Posted: November 21, 2011
TCGA Data Analysis Identifies a microRNA-Mediated Network of RNA-RNA Interactions Regulating Gene Expression
Pritty Patel Joshi
Glioblastoma multiforme (GBM) is the most common primary brain tumor and one of the most aggressive of all tumor types. Current treatment options for patients with GBM are limited, and despite multiple efforts to overcome the high therapeutic resistance of this disease, fewer than half of patients with GBM survive longer than two years with this cancer.
Using data from The Cancer Genome Atlas (TCGA), researchers at Columbia University recently uncovered a novel layer of gene regulation involving RNA-RNA interactions. Their work, which was published October 2011 in Cell, has the potential to answer long-standing questions about diseases like GBM.
Only a few decades ago, scientists discovered a class of noncoding RNA molecules called microRNAs. These regulatory molecules are small RNAs that silence genes by binding individual messenger RNAs and preventing the production of specific proteins. Scientists know that messenger RNAs of a single gene can affect the messenger RNA levels of another gene by essentially acting as a ‘sponge’ to soak up microRNAs that regulate both genes. However, the extent of this layer of gene regulation had not been thoroughly investigated until now.
A research team, led by Andrea Califano, Ph.D., used a computational approach in their quest to understand gene regulation in cancer. They developed a screening algorithm, Hermes, to identify a network of genes that influence microRNA-mediated gene regulation. To obtain statistically significant results with this algorithm, the researchers needed both a large number of samples and a matched set of microRNA and gene expression profiles. The publicly available TCGA datasets, the authors say, were ideal for this analysis since they are one of few options that meet these requirements. The researchers decided to study the matched GBM microRNA and gene expression profiles from TCGA.

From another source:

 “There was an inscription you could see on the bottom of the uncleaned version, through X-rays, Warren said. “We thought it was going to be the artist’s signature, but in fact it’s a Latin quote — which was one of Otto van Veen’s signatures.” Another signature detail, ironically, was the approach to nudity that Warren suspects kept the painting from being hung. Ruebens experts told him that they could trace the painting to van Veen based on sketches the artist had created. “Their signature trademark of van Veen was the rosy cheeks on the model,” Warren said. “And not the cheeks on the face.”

The team’s screening algorithm uncovered a network of approximately 248,000 microRNA-mediated interactions involving over 7000 genes. The scientists were surprised to discover a regulatory network of this magnitude. Moreover, this group of microRNA-mediated regulators, or mPR network, included many established drivers of GBM including PTEN, PDGFRA, RB1, and VEGFA. Thus, the investigators propose that the mPR network represents a new avenue by which multiple oncogenic and tumor suppressor pathways could interact. To better understand the role of microRNA-mediated interactions in cancer, the researchers focused on PTEN since it is often mutated or deleted in GBM.

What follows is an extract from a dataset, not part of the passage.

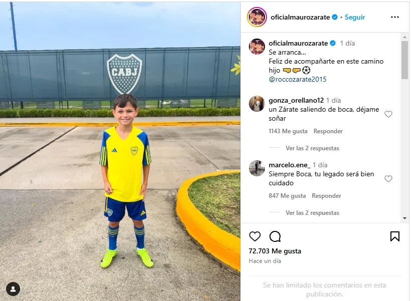 “Se arranca… Feliz de acompañarte en este camino hijo“, publicó Mauro Zárate en Instagram. Cabe aclarar que tanto él como sus hermanos Rolando y Ariel en su momento hicieron inferiores en Vélez, algo que ya prácticamente era una “tradición” familiar.

The scientists used different biochemical techniques to modify the levels of PTEN that could be regulated by microRNAs in GBM cell lines. They found that disrupting the balance of microRNA-mediated regulation of PTEN also altered the messenger RNA levels of 13 genes predicted to be part of the PTEN mPR network. Moreover, alterations in the expression of PTEN and its regulators affected the growth rates of GBM cell lines. These findings provide insight into how disruptions in the mPR network could lead to dysregulation of cellular functions and eventual tumor formation.
Finally, researchers found that deletions in the 13 PTEN mPR network genes often occurred in tumors that lacked PTEN expression but did not have deletions or mutations at the PTEN locus. Consequently, the researchers deduced that working through microRNAs, deletions in these mPR network genes were sufficient to halt PTEN protein activity. Strikingly, many of these PTEN mPR network genes had no prior implications in cancer.
Potential Breakthrough in the Search for Novel Therapeutic Targets
The investigators in this study focused on the microRNA-mediated regulation of the tumor suppressor PTEN in GBM. However, they emphasize that gene regulation through an mPR network does not simply apply to this tumor suppressor or tumor type. Rather this novel level of gene regulation likely contributes to the pathogenesis of many genetic diseases.
TCGA has collected and analyzed tumor samples of many different types, with the ultimate goal of characterizing the genetic and molecular changes in over 20 different cancers. Therefore, similar high throughput analyses of TCGA data from different cancer types could identify numerous molecular targets that might prove useful in the discovery of novel therapeutics.
Sumazin, P., Yang, X., Chiu, H.S., Chung, W.J., Iyer, A., Llobet-Navas, D., Rajbhandari, P., Bansal, M., Guarnieri, P., Silva, J., et al. (2011) An extensive microRNA-mediated network of RNA-RNA interactions regulates established oncogenic pathways in glioblastoma. Cell. 147(2):370-381. View PubMed abstract.